Второго мы упустили, и, конечно, только потому, что слишком уж неожиданной тревога была, сколько бы там Федер нас ни стыдил. А первым оказался тот самый охотник, про которого мы ничего не подозревали. Молодой парень, ободранный и тощий, он от одного голода должен был к нам прийти. Он долго молчал после того, как его разморозили, и злобно на всех поглядывал, но прилетели ребята из космопола, и он сразу заговорил, тут же, на Галлине, и всех удивило, что он заикается; он почему-то очень космопола боялся, наверное, наболтали ему, что в космополе охотников бьют.

Схватка прошла бескровно, и поэтому мы особого зла на него не держали, многие жалели даже: это не шутка, остаться одному в таких джунглях, где все тебе враги, и люди тоже враги. Никому такого не пожелаю.

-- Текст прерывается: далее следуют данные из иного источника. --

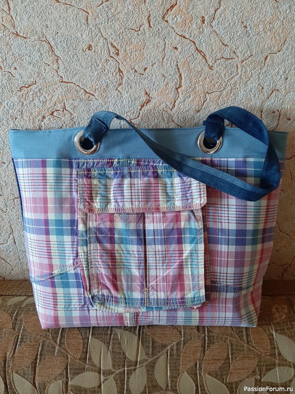 Хочу сказать, что все сумки сшиты из старых вещей которые отдали мне знакомые. Затраты были минимальны (нитки, дублерин, люверсы).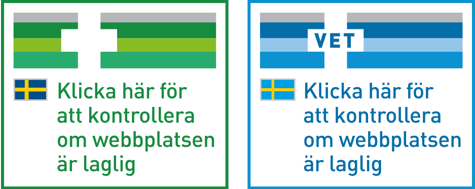 När du handlar läkemedel på nätet ska du alltid kunna kontrollera att nätapoteket har tillstånd. Det gör du genom att klicka på symbolen för Säker e-handel. Den blå symbolen visar att nätapoteket även har rätt att sälja djurläkemedel inom EU/EES: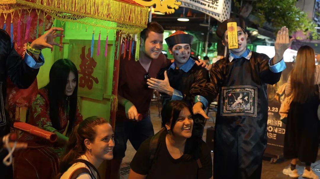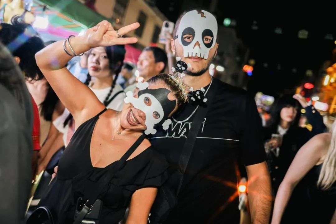 当晚,考山路上聚集了大批前来庆祝的外国游客,多数游客化着逼真的万圣妆,千奇百怪的“鬼怪”在街上横行。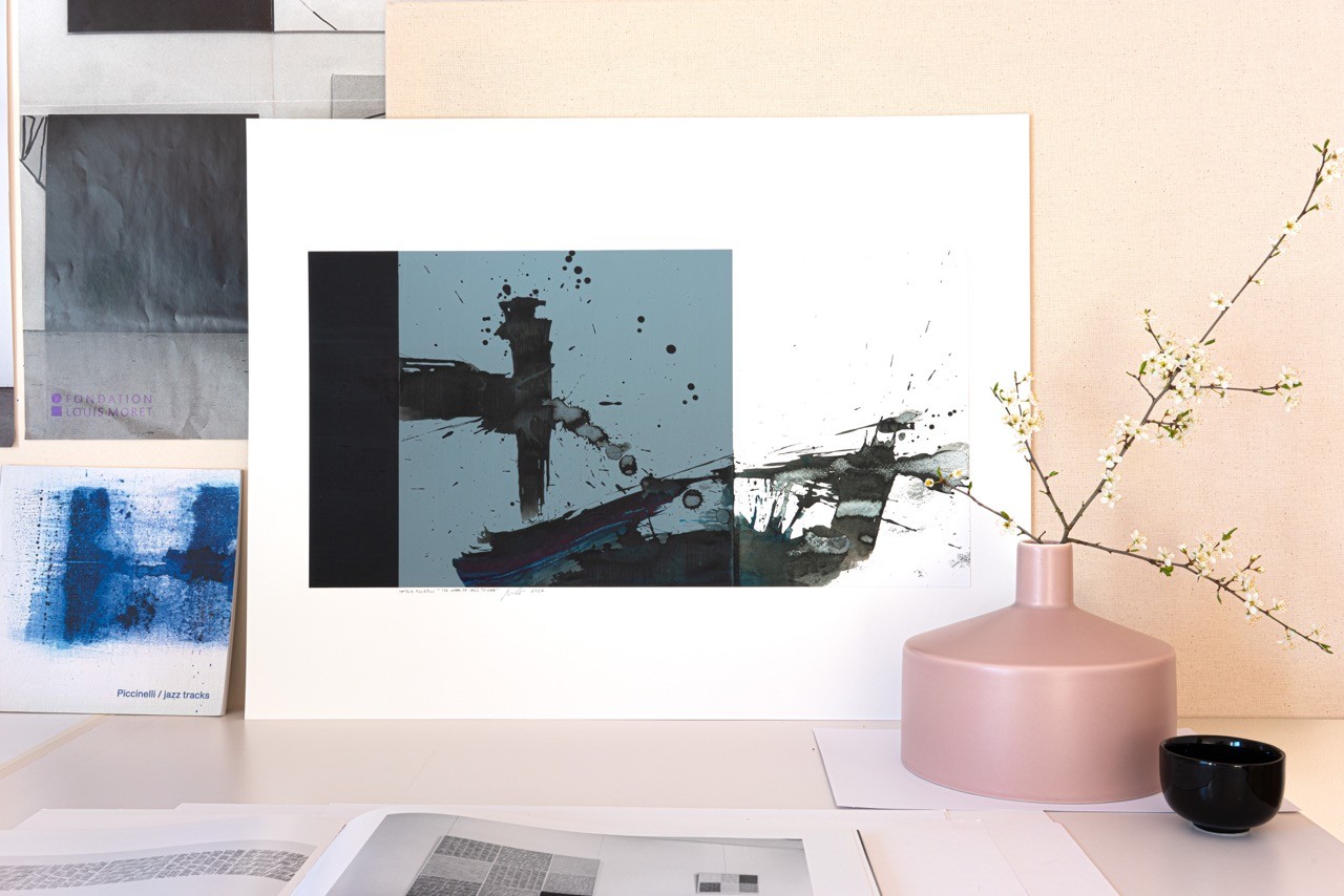 This work on paper is inspired by Ornette Coleman’s album *The Shape of Jazz to Come*.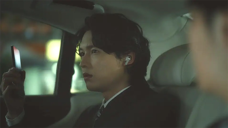 「タクシーの中で」篇では、車内で後輩から真剣な表情で楽曲を勧められる展開。静かな空間に漂う緊張感と松村さんのシリアスな表情がたまらない仕上がり。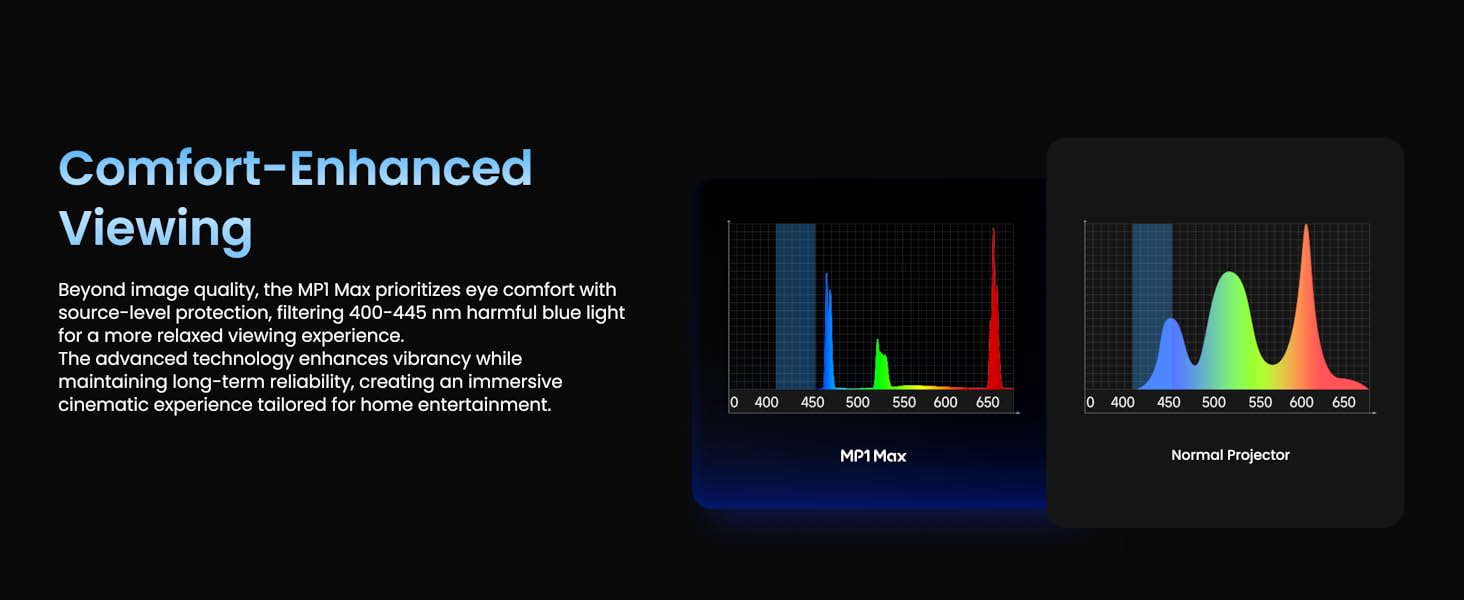Tuottaa BT.2020 110% väriavaruuden ja minimaalisen vääristymän (H/V ≤0.5%) elokuvamaiseen tarkkuuteen.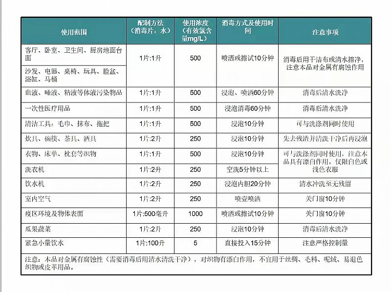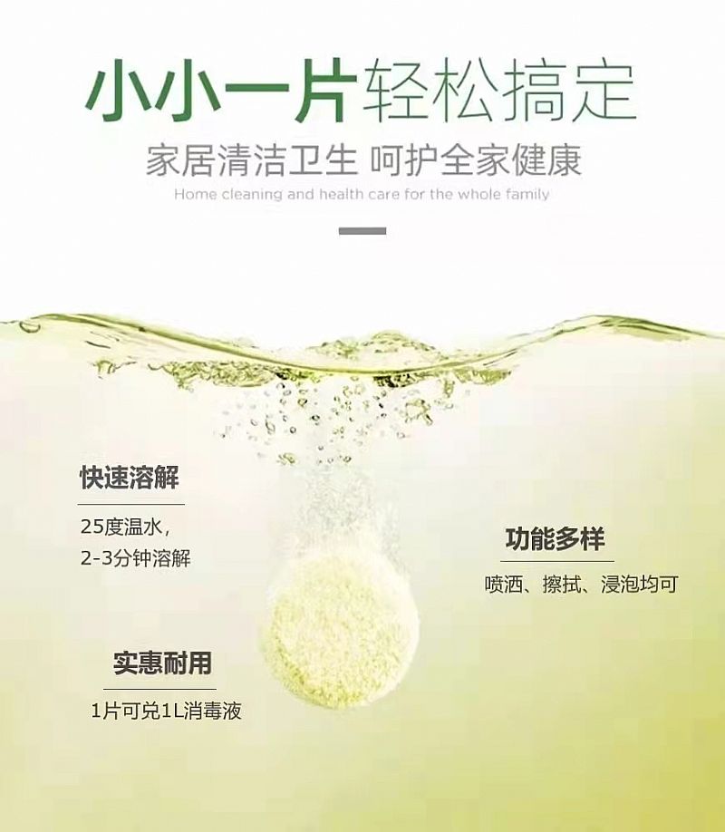 | 使用方法 | 第一步:取一片消毒片完全浸泡于水中第二步:具體不同情景使用方法如標(biāo)簽或說(shuō)明書(shū)所述 |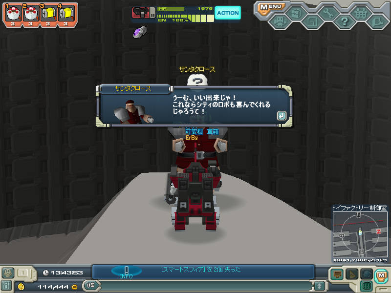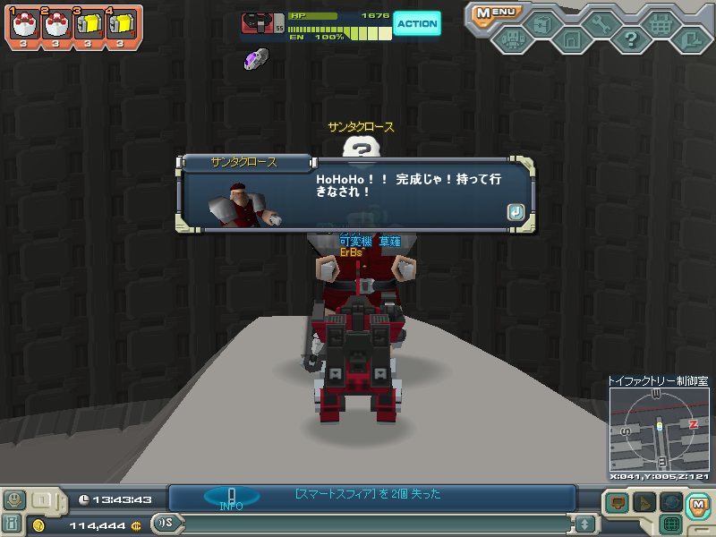 先に進むと妙にでかくて話し方がフランクなサンタが素材持ってきてくれたらパーツ作ってあげるといわれたのでさっそく一番難しいクリムゾンコースをやることに・・・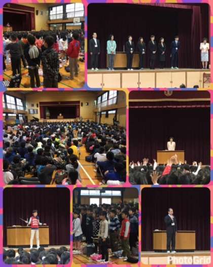 本年度第1回目の土曜授業として、「平成29年度 第1学期始業式」を実施しました。新しく転任してきた教職員の紹介の後、今年度本校で勤務する42名の教職員を紹介しました。その後は校歌斉唱です。新6年生の代表がいつものように前に出て、全校児童にメッセージを送った後、堂々と指揮をしてくれました。伝統が受け継がれています。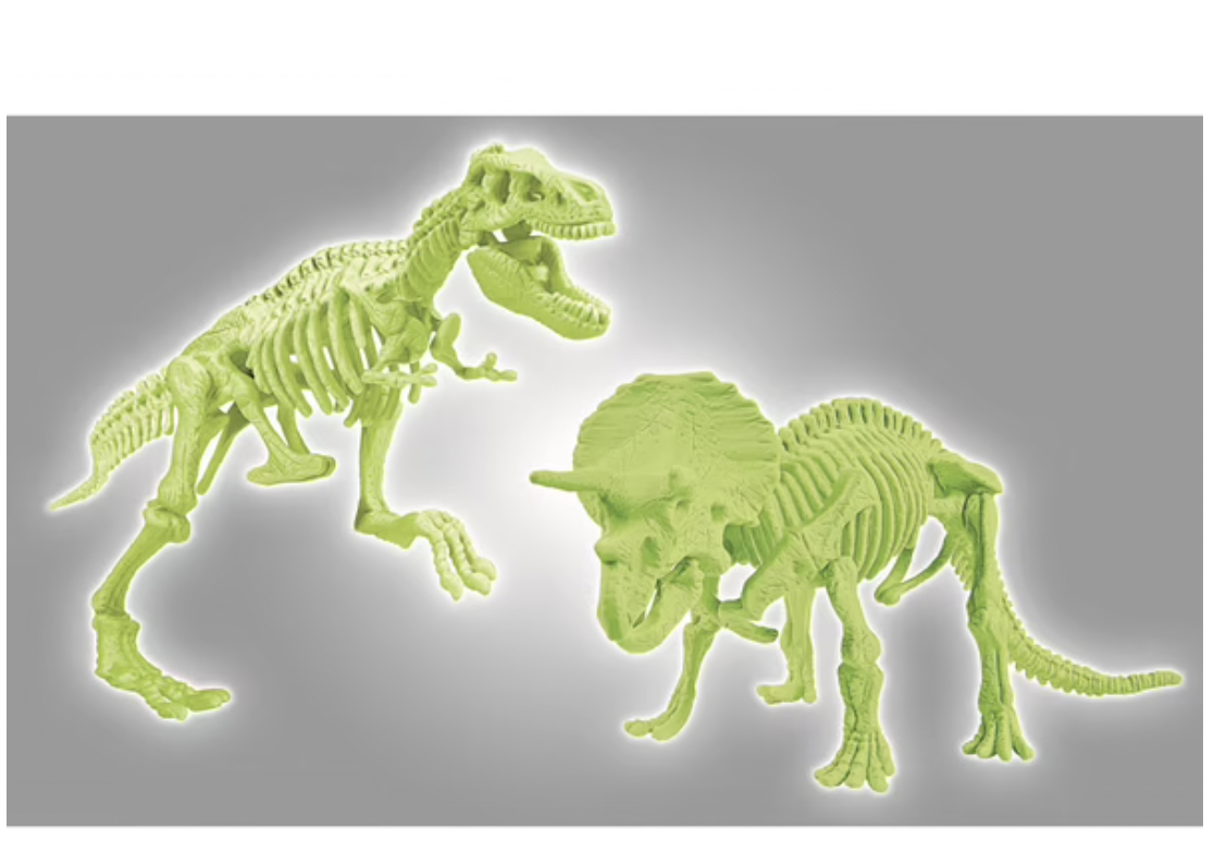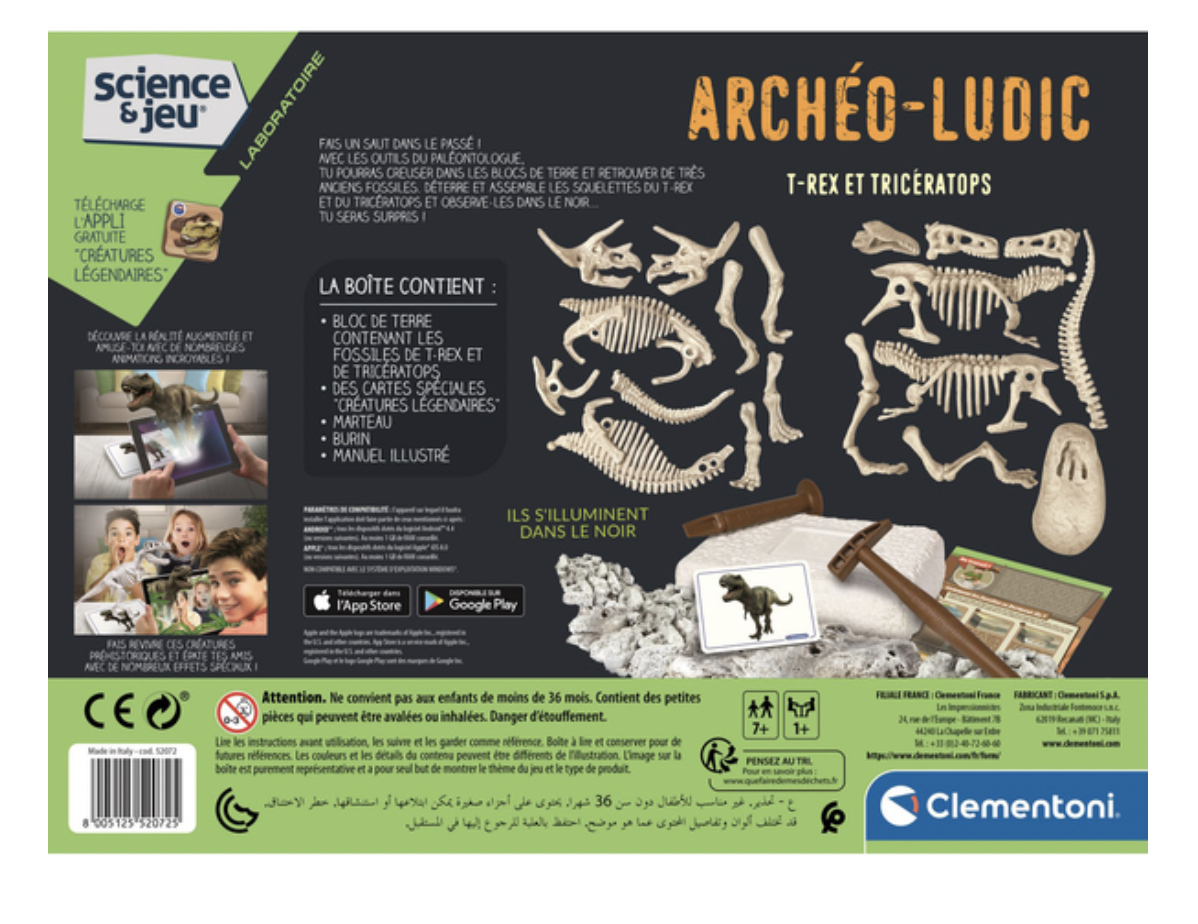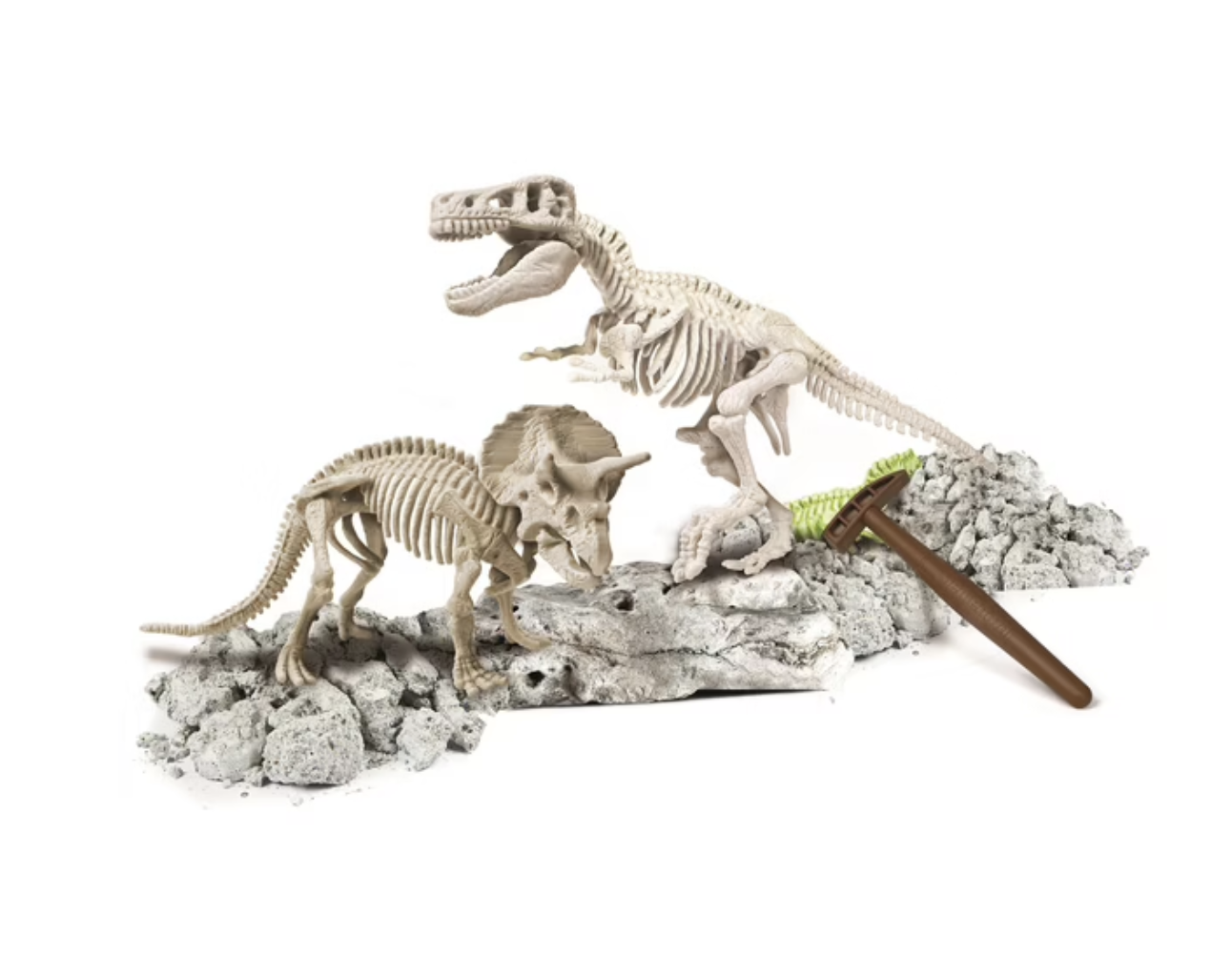 Les petits archéologues peuvent recréer la lutte féroce entre le prédateur et sa proie grâce à ce coffret scientifique. Il suffit de creuser dans les blocs de terrain à l'aide des outils et récupérer les fossiles de deux redoutables dinosaures : le T-Rex et le Tricératops.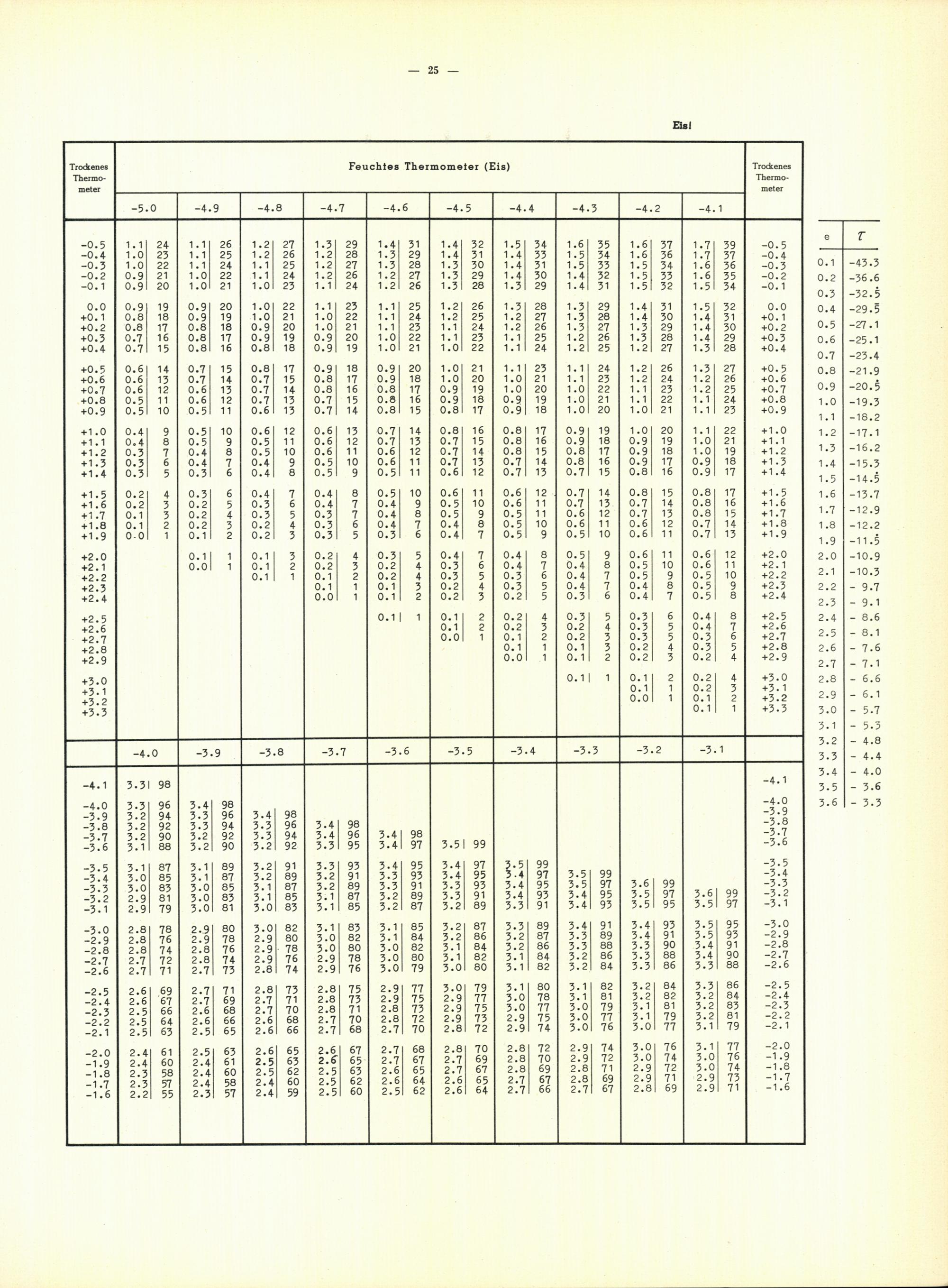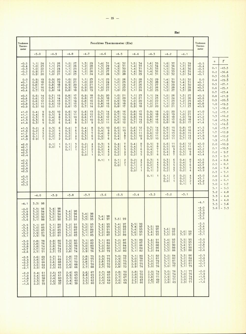 Tafeln zur Bestimmung des Taupunktes aus dem herrschenden Dampfdruck

Только к утру, после бессонной и бестолковой ночи, мы хватились Каспара. И нигде его не нашли. А когда прибыл космопол и охотник стал говорить, мы узнали, что тем, вторым, которого упустили, и был Каспар, что он и раньше связан был каким-то боком с охотниками и в этот раз они тоже на него вышли и потребовали помощи. Федер правильно догадался – они хотели взорвать отсек микробиологии, чтобы микробами нас уничтожить, и тогда у них появилась бы двухдневная щель, когда бы никто не мешал им на Галлину спуститься и забрать своего.

Был тут один маленький заусенчик, в то время так и не выясненный: навряд ли за охотником его товарищи стали бы возвращаться, если бы тот их не заставил. А их не слишком-то и заставишь, они ребята отчаянные, как и все, у кого с космополом неприятности. Но охотник уверял, что обязательно бы вернулись за ним, что они товарищей в беде не бросают – и мы поверили, потому что в такое неудобно не верить. Мы, например, доводись чего, точно так бы сделали.

И еще. Охотники, они в наших вивариях разбираются слабо. Но Каспар куафер, он, как и все мы, не мог не знать, чем грозит лично ему нападение на виварий, как мало шансов выбраться из такой заварушки живым – ровно никаких шансов, хоть десять суперкостюмов на себя натяни. Он, получается, шел на верную смерть. Подонок со странностями – чего только не случается в жизни!

И мы опять запустили "стрекоз", но Каспара не нашли, хоть и потеряли шесть дней на поиски. "Стрекоз" пропало немного, и каждая пропажа выглядела естественной.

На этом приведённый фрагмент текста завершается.